Compulsive Sexual Behaviours in Neurodivergent Adults and Children: Looking Beneath the Surface.
- Tori McCarthy
- Sep 18
- 3 min read
When people hear “compulsive sexual behaviour,” their minds often jump to addiction or dangerous intent. In neurodivergent communities—autism, ADHD, and related conditions—this assumption not only misses the mark, it causes harm. Behaviours that look sexual can serve very different functions in both children and adults. Without that understanding, people risk being labelled deviant when they’re actually trying to regulate, communicate, or simply cope.
How it shows up in children
Children learn about bodies and sexuality through education, modelling, and exploration. But for autistic and ADHD kids, the learning process is often delayed, patchy, or literal. This means sexual behaviours may pop up in ways that alarm adults, even when the intent is far from sexual.
Vocal stimming and scripting: A child might repeat a sexual word or phrase they’ve overheard—not to sexualise others, but because it has become part of their regulation routine or “loop.”
Blurting sexual comments: With ADHD, impulse control can be weak. Comments tumble out before the brain can pause. What sounds like harassment is often an impulse paired with curiosity.
Touching/masturbation in public: For some kids, this is about sensory soothing or overwhelm. They haven’t yet absorbed the rules of “public vs. private,” so education—not punishment—is needed.

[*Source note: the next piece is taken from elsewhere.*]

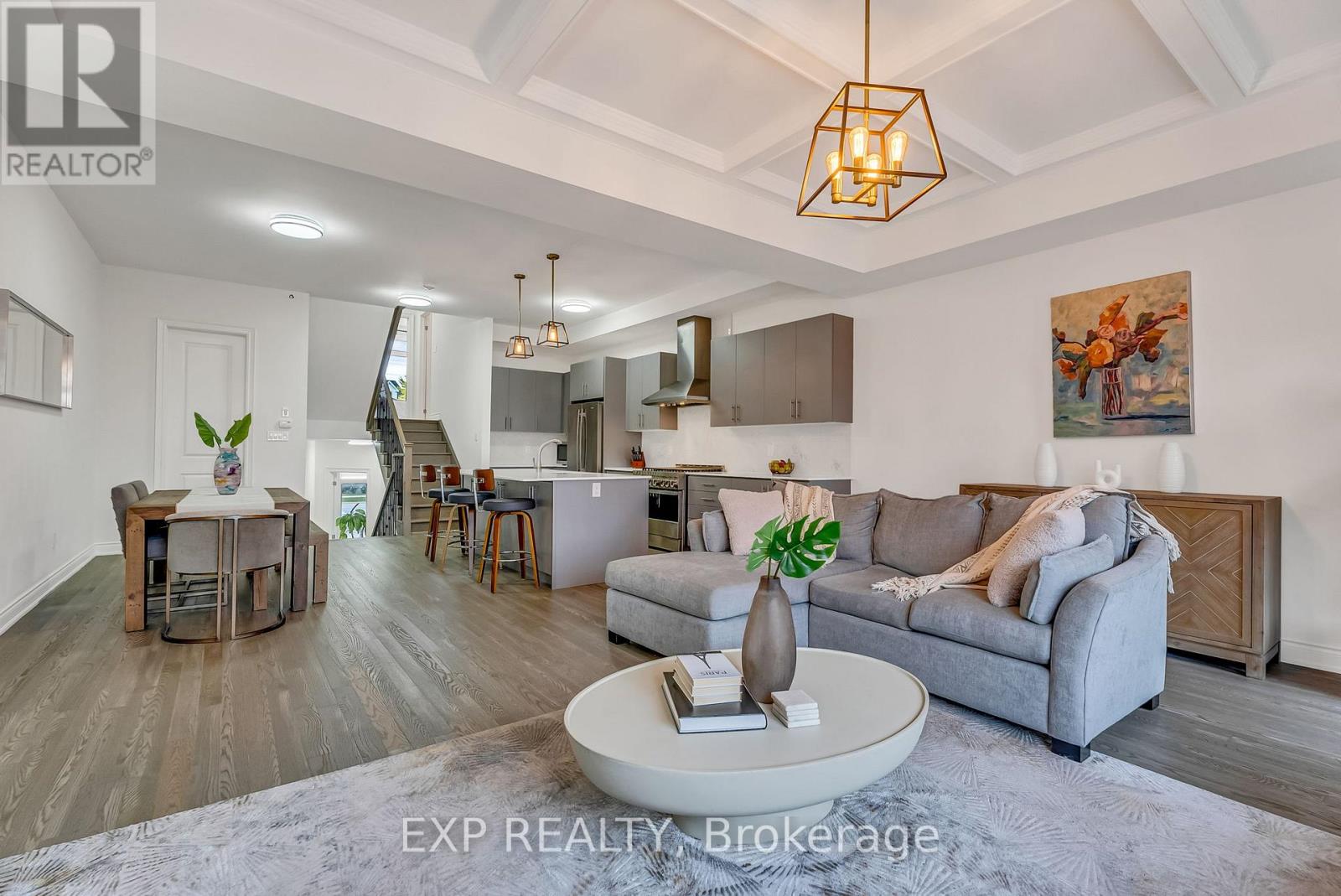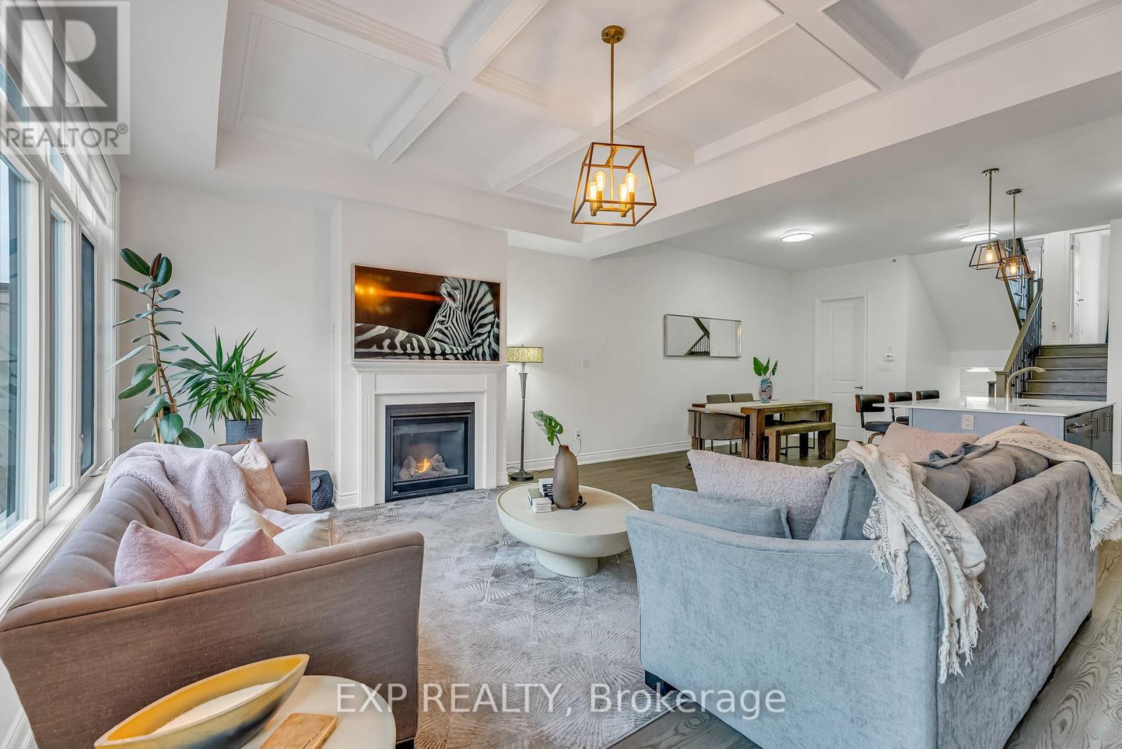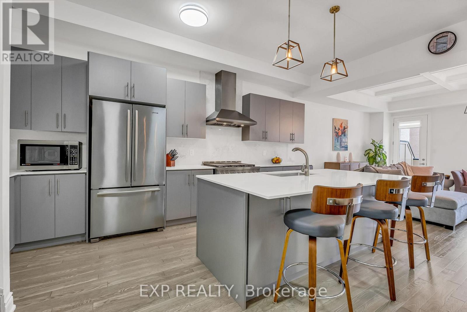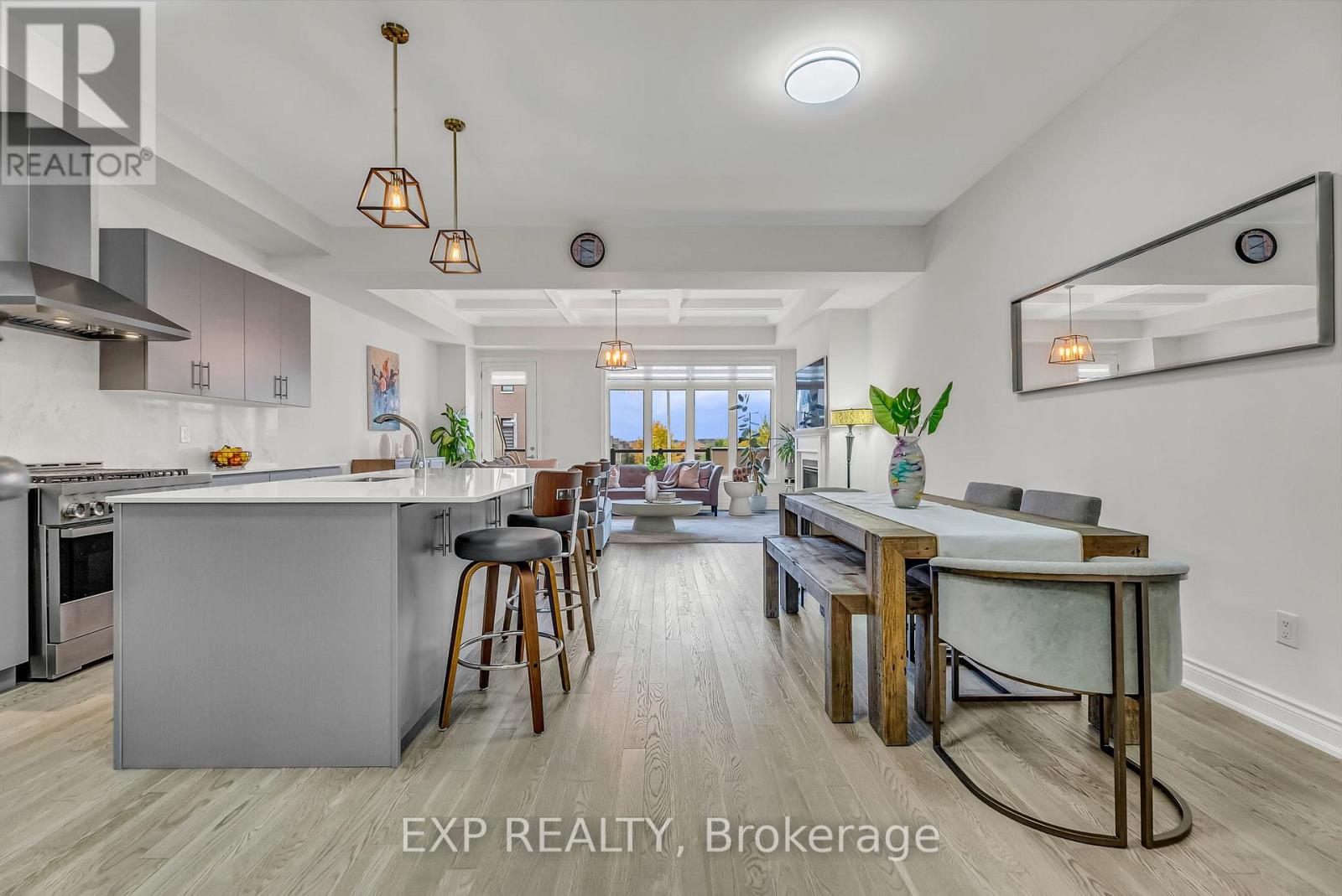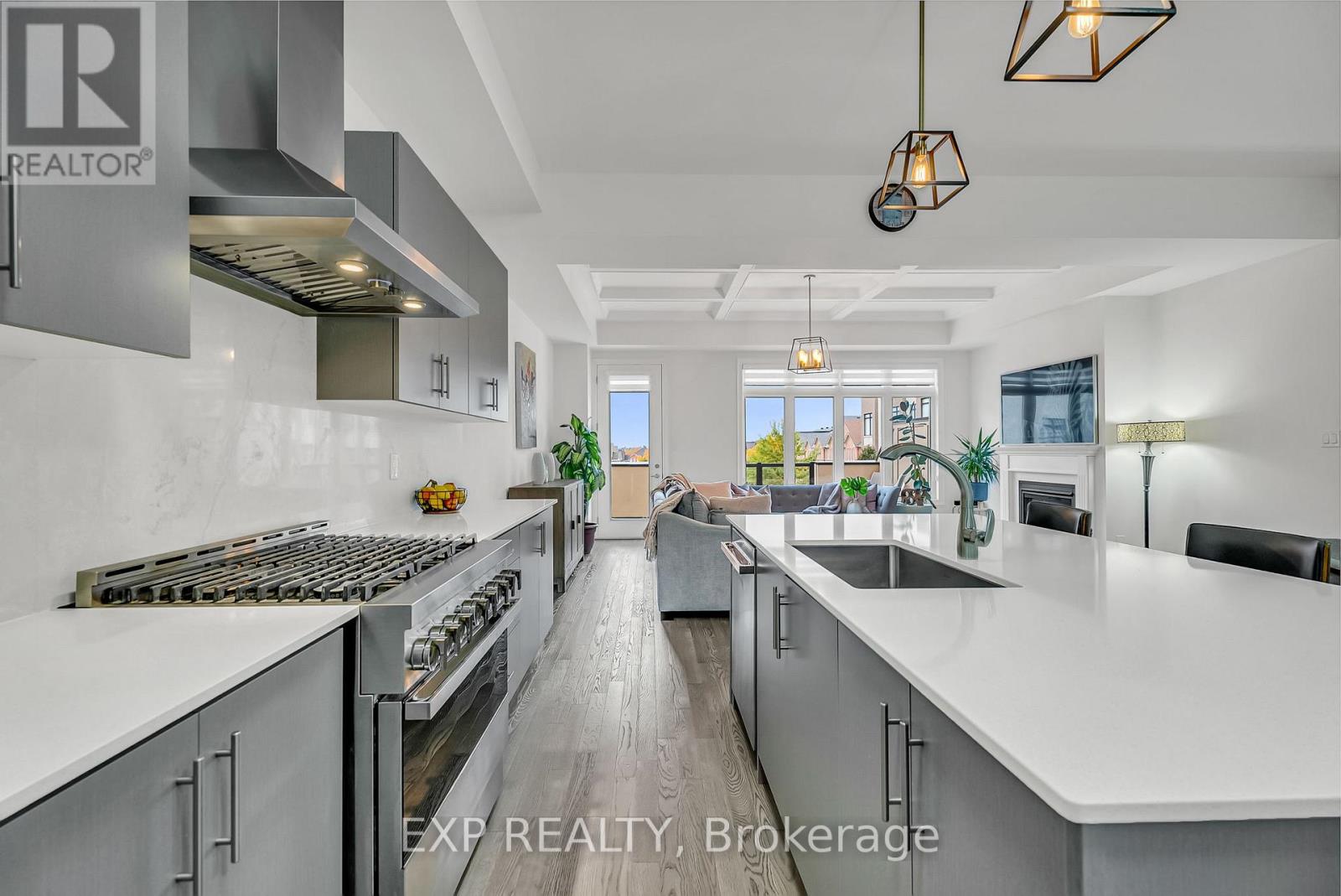 Welcome to 9548 Weston Road, an executive freehold townhome offering just over 3,000 sq ft of refined living space in Vaughan's prestigious Vellore Village. Thoughtfully designed for modern families, this upgraded home blends elegance, functionality, and premium finishes, featuring a 2-car garage, multiple outdoor walkouts, and a finished lower-level suite. The main floor boasts 10-foot smooth ceilings, an elegant waffle ceiling in the Great Room, and engineered hardwood floors throughout the main and upper levels. The chef-inspired kitchen is equipped with top-of-the-line JennAir stainless steel appliances (including a gas stove), granite countertops, an extended breakfast bar, and custom cabinetry that balances form and function. The Great Room features a cozy gas fireplace and opens to a spacious 20 x 11-foot terrace - perfect for outdoor dining and entertaining. Convenient main-floor laundry and direct garage access add everyday ease. Upstairs offers 9-foot ceilings, a primary retreat with His & Hers walk-in closets, a private balcony, and a spa-inspired 5-piece ensuite featuring a freestanding soaker tub, frameless glass shower, and quartz finishes. Two additional bedrooms provide generous space - including one with its own balcony walkout - ideal for family or guests. The fully finished lower level adds versatility with pot lights throughout, a bedroom, full bath, and kitchenette - perfect for a nanny suite, in-law suite, or independent guest quarters. Tech-savvy buyers will appreciate hardwired internet in every room for seamless connectivity. Located steps from St. Jean de Brebeuf Catholic High School, minutes to Vaughan Mills, Canada's Wonderland, Highways 400 & 407, and Cortellucci Vaughan Hospital, this home offers the perfect blend of luxury, lifestyle, and location - delivering the space of a detached home with the ease of townhome living in one of Vaughan's most desirable communities. (42130704)

When misunderstood, these children are at risk of being excluded, shamed, or even criminalised. The damage this does to their self-image and social development can be profound.
How it shows up in adults
By adulthood, many neurodivergent people have carried years of shame around behaviours that weren’t understood in childhood. The patterns often persist, but the stakes are higher.
Repetitive porn use or masturbation: Can function like stimming—predictable, regulating, numbing. It only crosses into compulsive sexual behaviour disorder (CSBD) when there’s a repeated loss of control, ongoing distress, and impairment in daily life.
Blurting inappropriate comments: In workplaces or relationships, impulsive comments can create misunderstanding and stigma. Adults often describe deep shame afterwards, saying, “I don’t know why I said that.”
Hypersexual behaviour in ADHD: Adults with ADHD may cycle between periods of impulsive sexual activity and regret, especially when emotional dysregulation or mood instability is present.
Autistic adults and scripting: Just as in childhood, echolalia or scripting can include sexualised language. Without context, others misinterpret it as harassment, when it’s often repetition without intent.
What both groups have in common
Whether in children or adults, the underlying drivers are similar:
Regulation: Using sexual behaviour as a way to soothe, focus, or cope with stress.
Impulsivity: Acting or speaking without filtering.
Communication gaps: Literal questions or scripts mistaken for sexual intent.
Shame loops: Feeling “bad” or “broken” because behaviours were misinterpreted.
Rethinking the response
For both adults and children, the key is shifting from moral judgement to functional understanding.
Ask: What job is this behaviour doing for the nervous system?
Teach: Clear, concrete rules around public/private, consent, and body safety.
Support: Offer alternative regulation strategies and impulse-control tools.
Reduce shame: Separate the behaviour from the person. Neurodivergent people are not “bad” or “dangerous” for needing regulation.
Why early intervention matters
Without early intervention, these misunderstood behaviours can become entrenched. What starts as impulsive blurting or self-soothing can spiral into compulsive patterns—and over time, into addiction-like cycles of secrecy, shame, and loss of control.
When children aren’t given the right education and support, they may grow up carrying shame, hiding their behaviour, and turning to sexual outlets for regulation in adulthood. This is how a regulating behaviour becomes a compulsive one—and eventually a full-blown struggle with compulsive sexual behaviour disorder or sexual addiction.
The good news? Early, compassionate intervention changes the story. When we teach children clear rules, provide safe alternatives, and reduce shame, we stop these behaviours from snowballing. We help adults break free from the cycle before it takes deeper root.